Hyper-focus – Losing track of time – Use reminders/timers to re-focus

High energy – Overcommitting, burnout – Schedule regular downtime

Problem solving – Overcomplicating things – Pause and ask: “What’s the simplest way?”

Adaptability – Trouble sticking to routines – Flexible routines and clear goals

Self-awareness and compassion

It’s important to remember that ADHD is a neurological difference, not a personal failing. Ensuring you have self-awareness and compassion can be an important part of understanding your ADHD.

Self-awareness:

  • Recognise your ADHD patterns and how they influence your thoughts, feelings and behaviours.
  • Understand your triggers and strengths, empowering you to manage daily challenges effectively.

Self-compassion:

  • Be kind to yourself, acknowledge that living with ADHD can be genuinely difficult.
  • Avoid harsh self-criticism when things don’t go as planned; instead, focus on learning and adjusting.

Acceptance:

  • Embrace ADHD as part of who you are; this helps build self-esteem and resilience.
  • Acceptance doesn’t mean giving up; it means understanding yourself and working positively with your strengths and limitations.

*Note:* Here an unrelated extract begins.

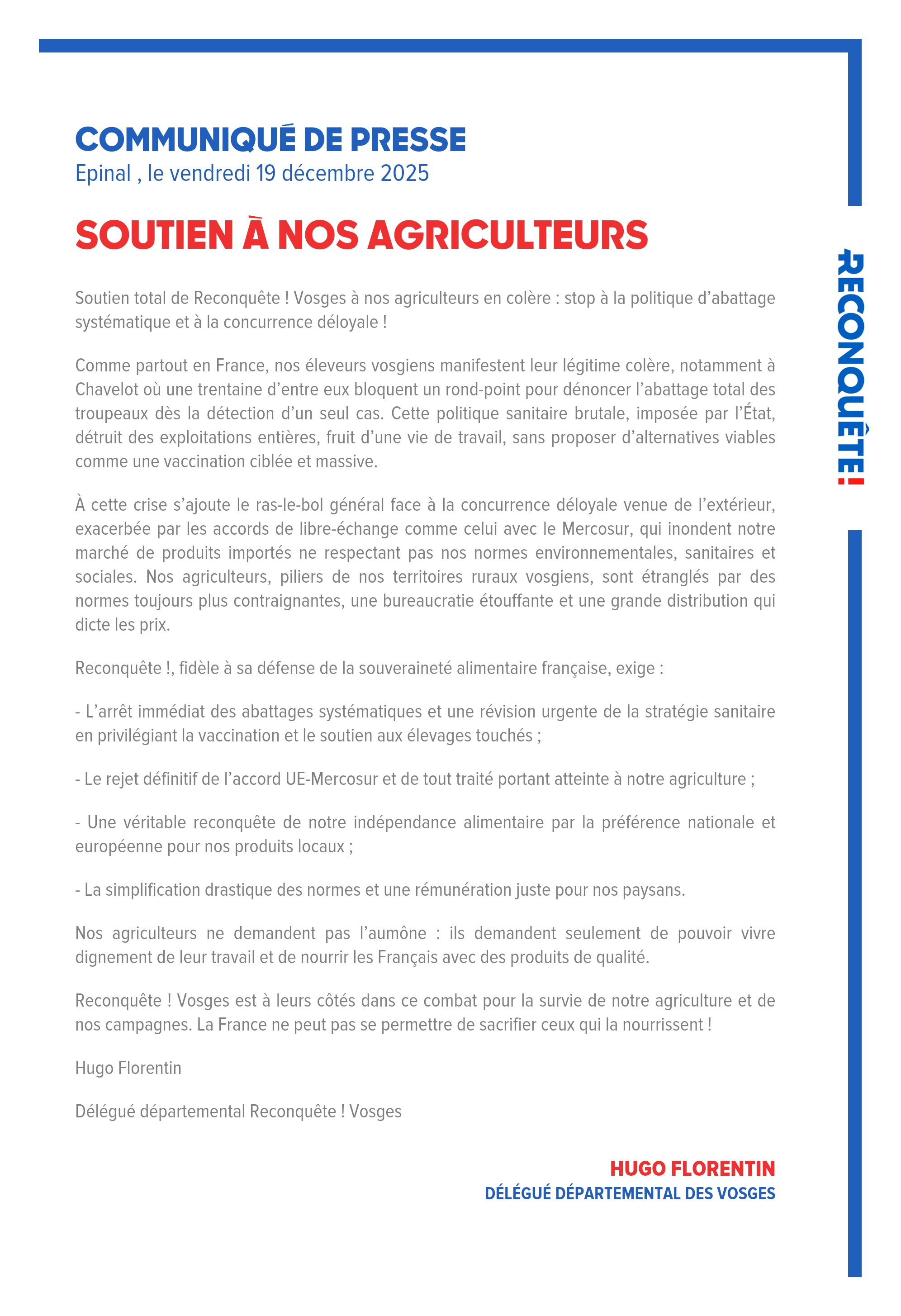 Reconquête ! Vosges est à leurs côtés dans ce combat pour la survie de notre agriculture et de nos campagnes. La France ne peut pas se permettre de sacrifier ceux qui la nourrissent !

Key takeaways from Session 1

ADHD is a neurological difference affecting attention, hyperactivity and impulsivity.

ADHD brings distinct strengths, and embracing and managing them is vital.

Self-awareness and self-compassion are essential for effective ADHD management.

Next session

Create a mind map to help you explain how ADHD affects you to others.

Please note: We are not an emergency service, if you are in crisis and need urgent support or are worried about immediate risk of harm to self or others, please call 999. Alternatively, you can contact your GP and ask for an emergency appointment or visit your local A&E department. You can also contact the following services 24 hours a day, 7 days a week: NHS Helpline (111) and Samaritans (116 123)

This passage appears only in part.